I believe, however, we are all here for a purpose. Some people are here to find that love, to give that love. Those are the lessons they are here to learn.

I do believe in love. There is so much in life and about life that I am in love with. Sometimes I’m so happy that this is my life that I marvel at how I got this lucky!

But I also believe I am here for something else…  to write.

 

If You Give a Girl a Hammer…

She will want to build a life.

It rained at the beginning of school break. I discovered my window was leaking. It didn’t seem to need much, maybe new caulk.

When that was finished, I painted the sill. I discovered other parts of the room which needed a touch up.

Do you see where this is going?

I spent much of the break fixing, painting, home repairing, and cleaning out clutter.

I don’t consider this a distraction but another aspect of my being.

As writers,  we need to be vigilant about distractions, but we also need to feed the other parts of us which make us who we are.

Home repairs remind me I’m strong and self sufficient.

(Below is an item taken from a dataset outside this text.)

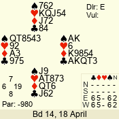 | 3 NT | E | +2 | -460 | 2 | 04 - 02 | 3 | 4 |

The accomplishment feeds my brain much needed dopamine we don’t always receive from writing.

Home repairs remind me I’m capable and flexible. My writing schedule sometimes gets the better of me and I become all work and no play.

Home repairs are nostalgic. My father raised us to do for ourselves. And it got me pretty far.

Honoring all parts of ourselves is an investment to those who surround us as well as to our writing.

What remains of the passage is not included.